- [Your task] This exercise calls for every record to be returned exactly, with pictures removed.

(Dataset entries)
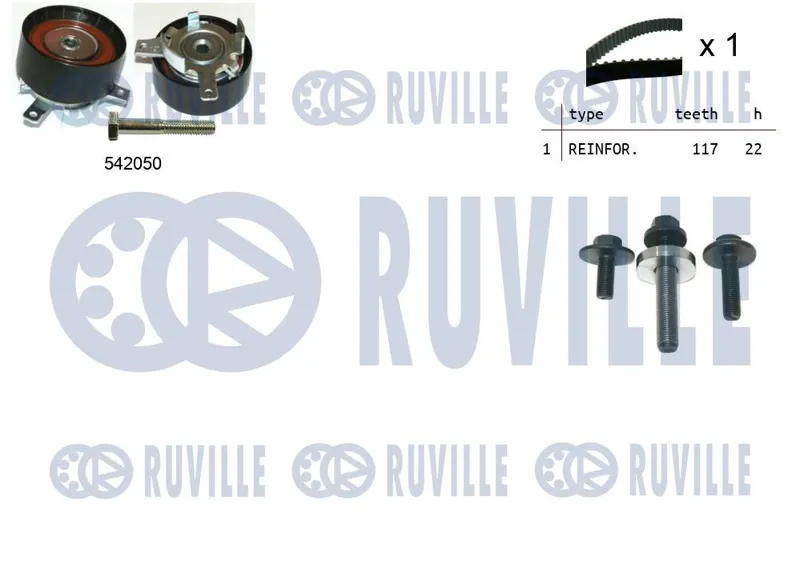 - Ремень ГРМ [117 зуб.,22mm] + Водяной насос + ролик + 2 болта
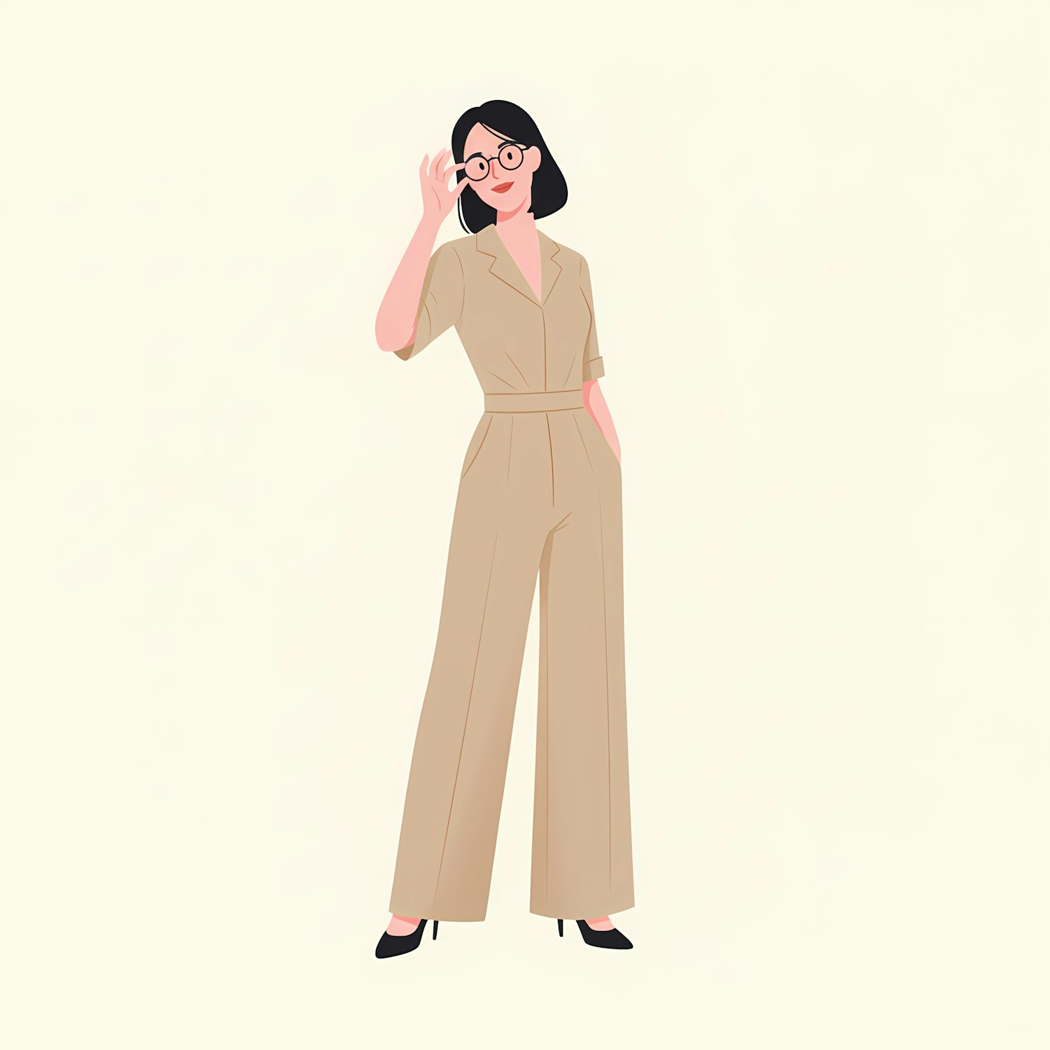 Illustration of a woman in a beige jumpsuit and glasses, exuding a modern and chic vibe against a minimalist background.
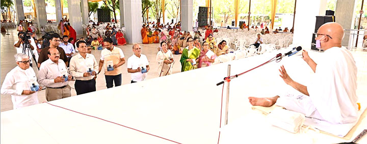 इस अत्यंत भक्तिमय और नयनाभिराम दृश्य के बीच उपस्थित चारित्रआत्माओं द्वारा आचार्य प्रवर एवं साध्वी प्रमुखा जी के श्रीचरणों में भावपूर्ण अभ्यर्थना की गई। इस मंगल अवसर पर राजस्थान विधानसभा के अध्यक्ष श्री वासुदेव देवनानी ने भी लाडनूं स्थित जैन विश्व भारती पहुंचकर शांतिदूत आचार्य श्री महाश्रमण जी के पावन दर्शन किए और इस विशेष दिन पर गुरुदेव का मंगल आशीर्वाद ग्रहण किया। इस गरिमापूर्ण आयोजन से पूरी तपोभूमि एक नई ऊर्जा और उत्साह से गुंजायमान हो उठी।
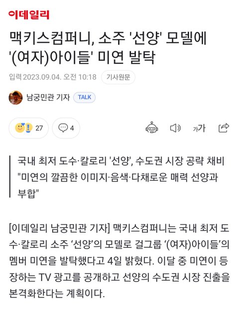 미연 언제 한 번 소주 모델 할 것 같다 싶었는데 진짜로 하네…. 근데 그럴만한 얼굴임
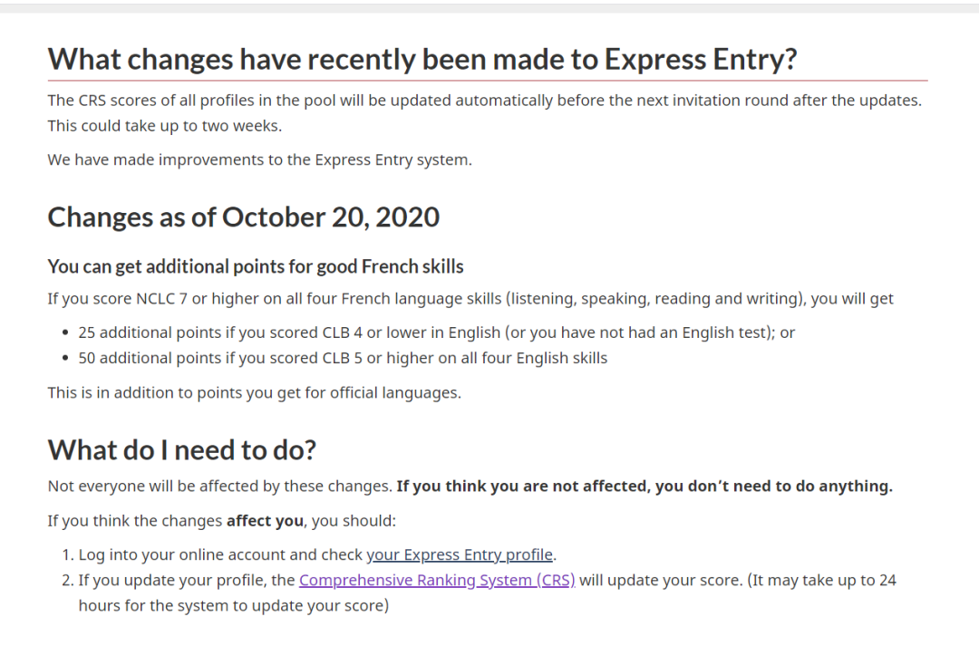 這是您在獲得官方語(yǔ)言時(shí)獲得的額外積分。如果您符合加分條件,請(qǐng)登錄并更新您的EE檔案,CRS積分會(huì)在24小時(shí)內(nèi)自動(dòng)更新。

- [Task answer]
 - Ремень ГРМ [117 зуб.,22mm] + Водяной насос + ролик + 2 болта
 Illustration of a woman in a beige jumpsuit and glasses, exuding a modern and chic vibe against a minimalist background.
 इस अत्यंत भक्तिमय और नयनाभिराम दृश्य के बीच उपस्थित चारित्रआत्माओं द्वारा आचार्य प्रवर एवं साध्वी प्रमुखा जी के श्रीचरणों में भावपूर्ण अभ्यर्थना की गई। इस मंगल अवसर पर राजस्थान विधानसभा के अध्यक्ष श्री वासुदेव देवनानी ने भी लाडनूं स्थित जैन विश्व भारती पहुंचकर शांतिदूत आचार्य श्री महाश्रमण जी के पावन दर्शन किए और इस विशेष दिन पर गुरुदेव का मंगल आशीर्वाद ग्रहण किया। इस गरिमापूर्ण आयोजन से पूरी तपोभूमि एक नई ऊर्जा और उत्साह से गुंजायमान हो उठी।
 미연 언제 한 번 소주 모델 할 것 같다 싶었는데 진짜로 하네…. 근데 그럴만한 얼굴임
 這是您在獲得官方語(yǔ)言時(shí)獲得的額外積分。如果您符合加分條件,請(qǐng)登錄并更新您的EE檔案,CRS積分會(huì)在24小時(shí)內(nèi)自動(dòng)更新。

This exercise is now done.